Sodyum florür inorganik bir bileşik, hidroflorik asit ve sodyum tuzudur. Beyaz, kokusuz kristal bir maddedir. Sodyum florürün kimyasal formülü NaF'dir. Kimyasal bağ - iyonik.
Doğada yayılma
Doğada, bu madde esas olarak mineral williomit şeklinde bulunur. Bu mineral, saf haliyle sodyum florürü temsil eder. Karmin kırmızısından pembeye, renksize kadar çok güzel bir renge sahip olabilir. Oldukça kırılgan ve nispeten kararsızdır. Bu mineralin parlaklığı camın parlaklığına benzer. Yatakları Kuzey Amerika, Afrika ve Kola Yarımadası'nda bulunur, ancak genel olarak oldukça nadirdir.

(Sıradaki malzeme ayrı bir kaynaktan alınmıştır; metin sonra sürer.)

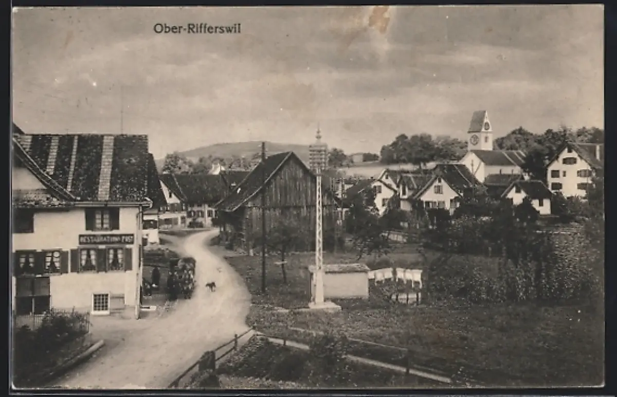 AK Ober-Rifferswil, Restaurant zur Post mit Strassenpartie
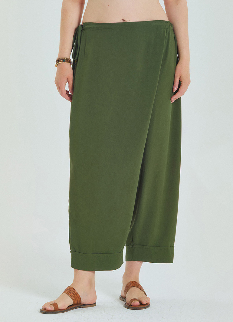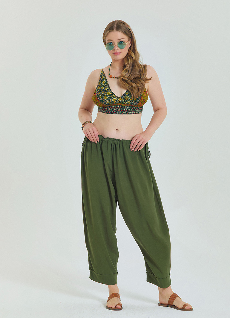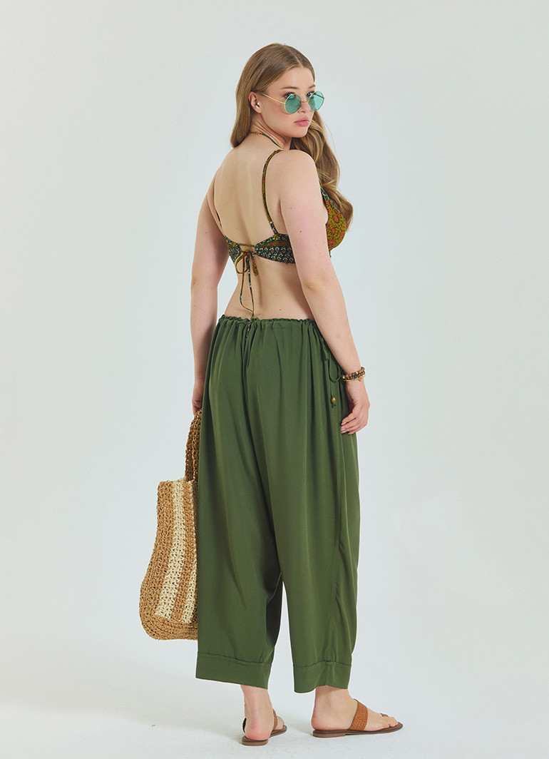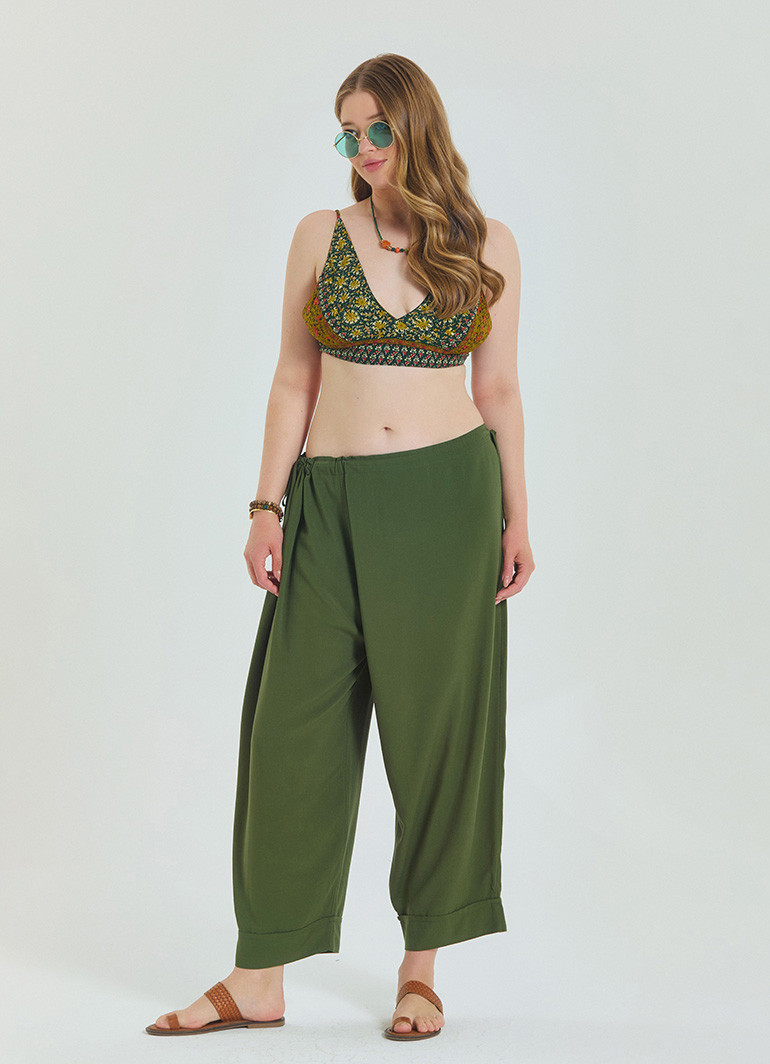 Yaz aylarında stilinizden ödün vermeden konfor arıyorsanız, bu haki büyük beden pantolon tam size göre. Beli ayarlanabilir yapısı ve zarif ip detayları ile öne çıkan bu tasarım, şıklığı fonksiyonellikle buluşturuyor.
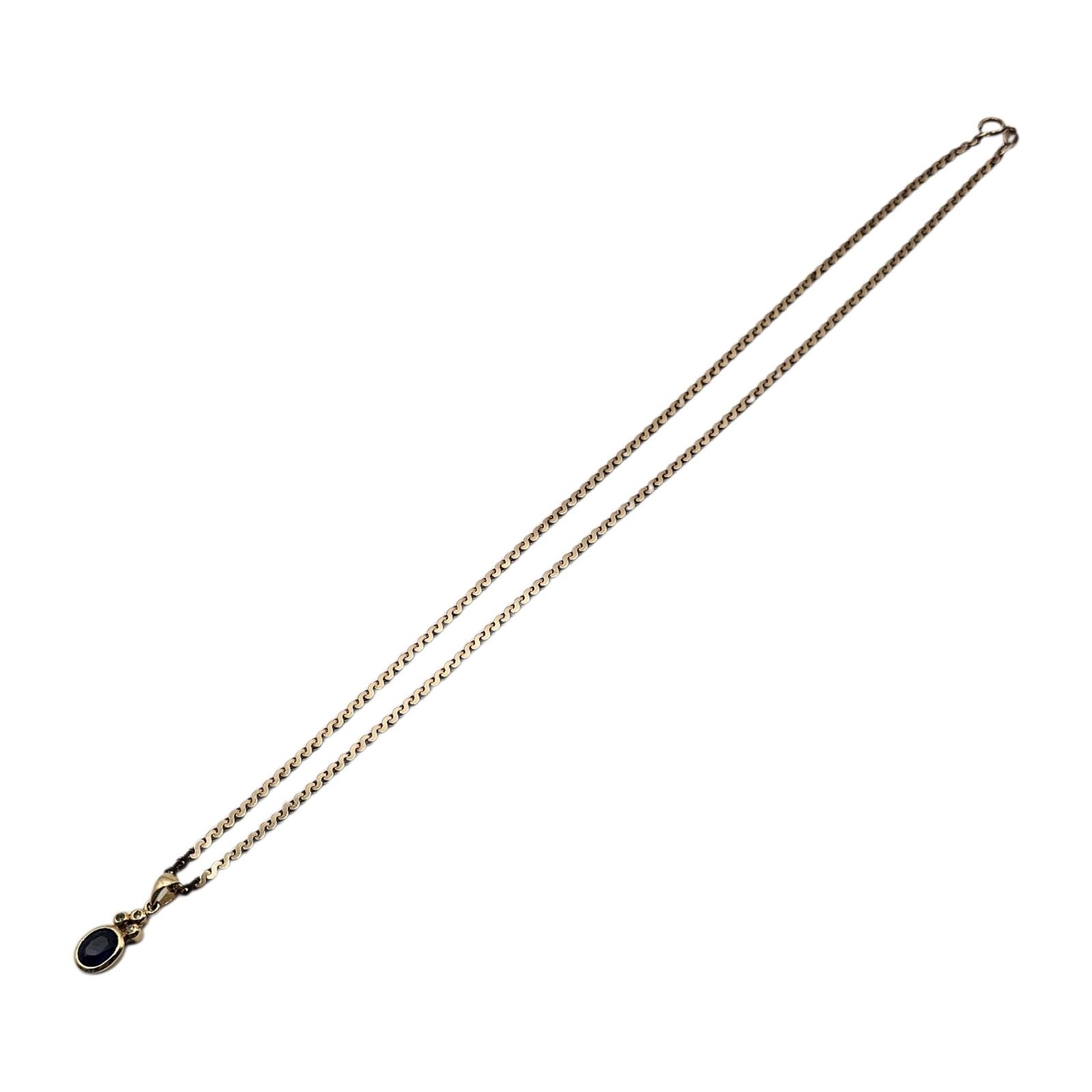 A VINTAGE 9CT GOLD, SAPPHIRE AND DIAMOND PENDANT NECKLACE
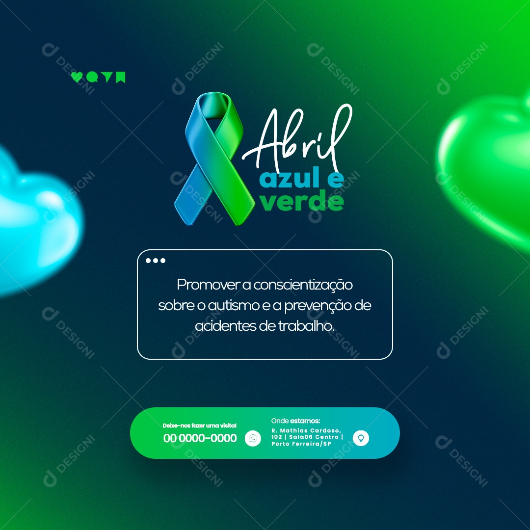Abril Azul e Verde Promover a Conscientização Sobre Autismo e Prevenção de Acidentes de Trabalho Social Media PSD Editável
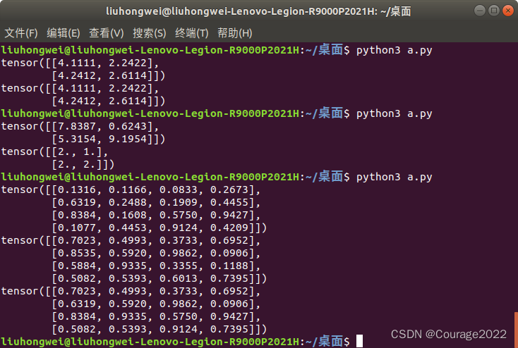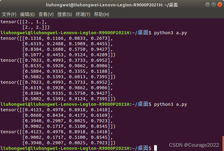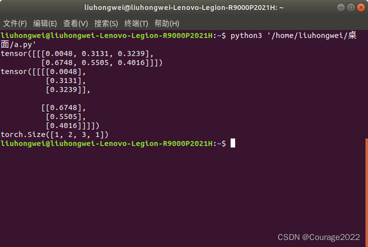 import torcha = torch.rand((1,2,3)) print(a)out = torch.squeeze(a) print(out) print(out.shape)
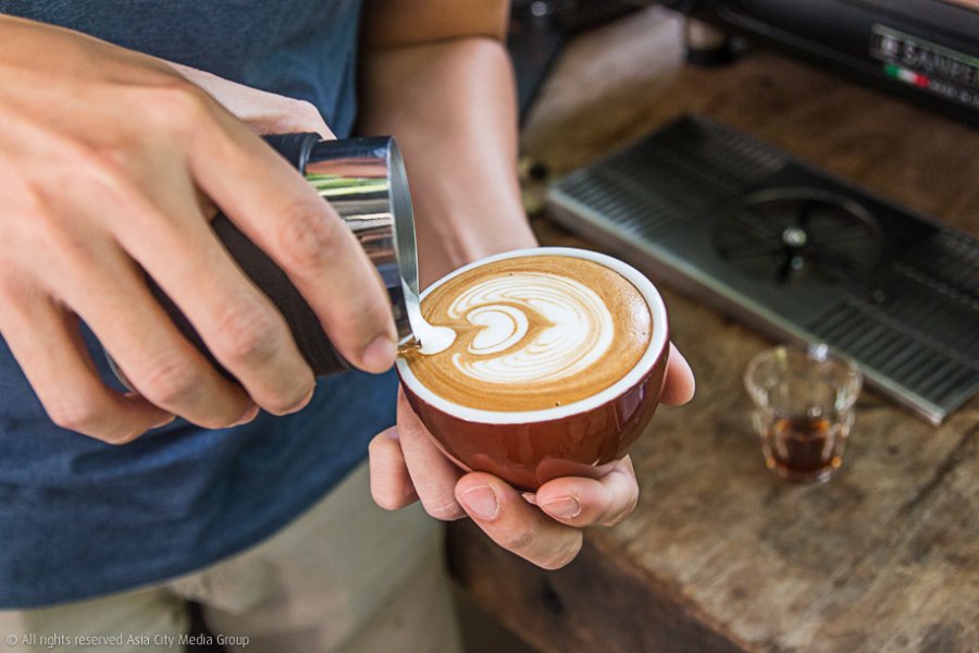 แต่ถ้าพูดถึงเรื่องชะตาที่ลงตัวที่สุดของร้านนี้ คือความบังเอิญที่คุณป๊อกไปถูกชะตากันพอดีกับคุณเต้ย-นพดล จันทรานภาภรณ์ ซึ่งถ้าใครเป็นสายคาเฟ่ฮ็อปปิ้งก็น่าจะเคยได้ยินชื่อพี่เต้ยมาบ้าง เพราะนี่คืออีกหนึ่งตัวพ่อของสายกาแฟและลาเต้อาร์ตที่เราขอชาบู เลยทำให้พาร์ทกาแฟของร้านนี้มีมิติและความเป็นเอกลักษณ์ที่กลั่นกรองมาจากตัวตนของทั้งพี่ป๊อกและพี่เต้ย แบบไม่ต้องพึ่งโชคชะตาราศีก็บอกได้เลยว่าร้านนี้ฮิตแน่นอน

Endüstri tarafından alınır
Sodyum florür oldukça kullanışlı bir bileşiktir, bu nedenle endüstriyel ölçekte sentezlenir. Dünya üretimi yılda 10.000 tonun üzerindedir. Çoğu durumda, ham maddeler yapay olarak da elde edilen heksaflorosilikatlardır. Üretimde, reaksiyon karışımında sodyum florürün salınmasının bir sonucu olarak alkali hidrolize tabi tutulurlar. Ancak yine de silikon oksit ve sodyum silikatın safsızlıklarından ayrılması gerekiyor. Yapmakbu genellikle sadece düz filtrelemedir.
Ancak heksaflorosilikatlar, termal olarak ayrıştığında veya sodyum karbonat ile etkileşime girdiğinde bile sodyum florür verebilir. Endüstriyel sentezde de kullanılabilir.

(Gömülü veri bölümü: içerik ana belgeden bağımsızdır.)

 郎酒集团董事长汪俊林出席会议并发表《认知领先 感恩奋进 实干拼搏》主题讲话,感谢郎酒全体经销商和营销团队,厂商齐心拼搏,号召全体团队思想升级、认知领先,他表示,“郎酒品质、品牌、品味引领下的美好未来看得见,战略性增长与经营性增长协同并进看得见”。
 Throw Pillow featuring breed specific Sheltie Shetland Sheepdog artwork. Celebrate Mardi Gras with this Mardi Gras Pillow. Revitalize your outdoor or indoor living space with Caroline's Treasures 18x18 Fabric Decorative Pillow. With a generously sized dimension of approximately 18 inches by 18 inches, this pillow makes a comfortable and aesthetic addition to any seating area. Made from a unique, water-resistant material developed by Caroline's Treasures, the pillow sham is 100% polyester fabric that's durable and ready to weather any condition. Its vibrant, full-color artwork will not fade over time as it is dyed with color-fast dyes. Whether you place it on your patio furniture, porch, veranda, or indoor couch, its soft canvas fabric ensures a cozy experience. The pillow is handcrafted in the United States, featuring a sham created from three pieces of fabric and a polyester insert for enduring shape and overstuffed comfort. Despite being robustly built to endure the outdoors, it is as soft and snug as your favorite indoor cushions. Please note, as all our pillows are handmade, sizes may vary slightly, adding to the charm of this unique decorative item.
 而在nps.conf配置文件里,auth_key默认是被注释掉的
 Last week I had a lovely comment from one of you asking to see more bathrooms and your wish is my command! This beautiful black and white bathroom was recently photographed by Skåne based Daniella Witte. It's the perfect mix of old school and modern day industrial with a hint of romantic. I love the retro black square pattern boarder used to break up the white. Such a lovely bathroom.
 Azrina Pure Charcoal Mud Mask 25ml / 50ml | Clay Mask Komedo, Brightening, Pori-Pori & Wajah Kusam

Ayrıca endüstride soda külü (sodyum karbonat) ve hidroflorik asitten sodyum florür elde etmek için bir yöntem vardır. Filtreleme yardımı ile etkileşimleri sonucunda teknik olarak saf bir ürün elde etmek mümkündür:
Na2CO3 + HF → 2NaF + CO2 + H 2O
Laboratuvar Edinme
Laboratuvarda bu bileşiği elde etmenin başka yolları da var. En basit olanı, sodyum hidroksitin hidroflorik asit ile nötralizasyonunun reaksiyonudur. Başka bir seçenek: sodyum hidroksitin amonyum florür ile etkileşimi. Sodyum hidroksit, basit flor ile etkileşime girdiğinde florür de verebilir.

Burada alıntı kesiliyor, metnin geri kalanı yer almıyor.